La Manzana del Templo: El corazón geográfico y musical de Salt Lake
Una entrevista con un ex presidente del Coro del Tabernáculo de la Manzana del Templo revela la influencia de los mormones en la escena musical mayoritariamente secular de Salt Lake City.
A Utah se le asocia más frecuentemente con dos cosas: montañas y mormones.
No se puede negar la presencia y la influencia cultural deLa Iglesia de Jesucristo de los Santos de los Últimos Días(comúnmente conocidos como mormones) en el Estado de la Colmena. Después de todo, fueron los pioneros de la Iglesia de Jesucristo quienes cruzaron la frontera y establecieron el Valle del Lago Salado en 1847. Pero mientrasCiudad del lago saladoSi bien alguna vez fue reconocida como un bastión de la Iglesia de Jesucristo, la capital del estado ha adoptado una nueva forma cultural en los últimos años.
Los lugareños suelen comparar la ciudad con la cultura más amplia de la Iglesia de Jesucristo, describiéndola como «una burbuja liberal dentro de un estado conservador». Si bien estas dos facetas tienen características distintivas, también interactúan e influyen mutuamente de maneras interesantes.

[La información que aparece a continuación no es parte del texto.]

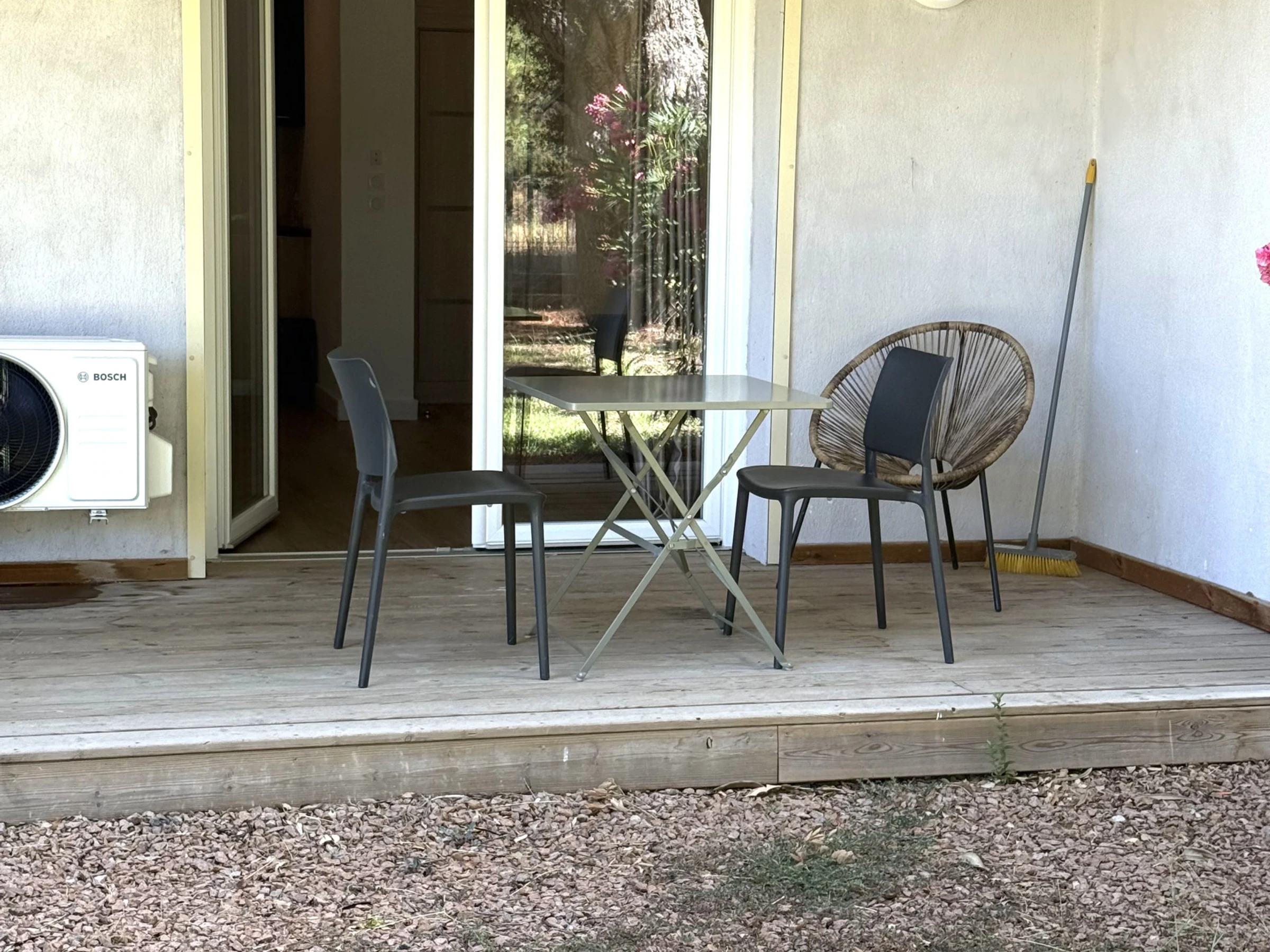 Die Unterkunft verfügt über gartenmöbel, 16 m² terrasse, internet (WLAN), haartrockner, elektroheizung, klimaanlage, swimming-pool gemeinschaftlicher swimming-pool, parkplatz im freien in in grundstücksnähe, 1 Fernseher.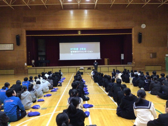 2年生は6時間目に、来年度の修学旅行に向けたオリエンテーションを行いました。

He estudiado esta interacción desde la perspectiva de la escena musical de Salt Lake City. Los participantes activos de la comunidad musical local coinciden en un atributo distintivo: un fuerte sentido de comunidad y apoyo entre los diversos músicos, salas y asistentes a los conciertos locales.
Pero ¿por qué? ¿Qué hay detrás de esta comunidad musical tan unida?
Una conversación con el ex presidente del Coro del Tabernáculo enManzana del Templome acercó a lo que creo que es al menos parte de la respuesta.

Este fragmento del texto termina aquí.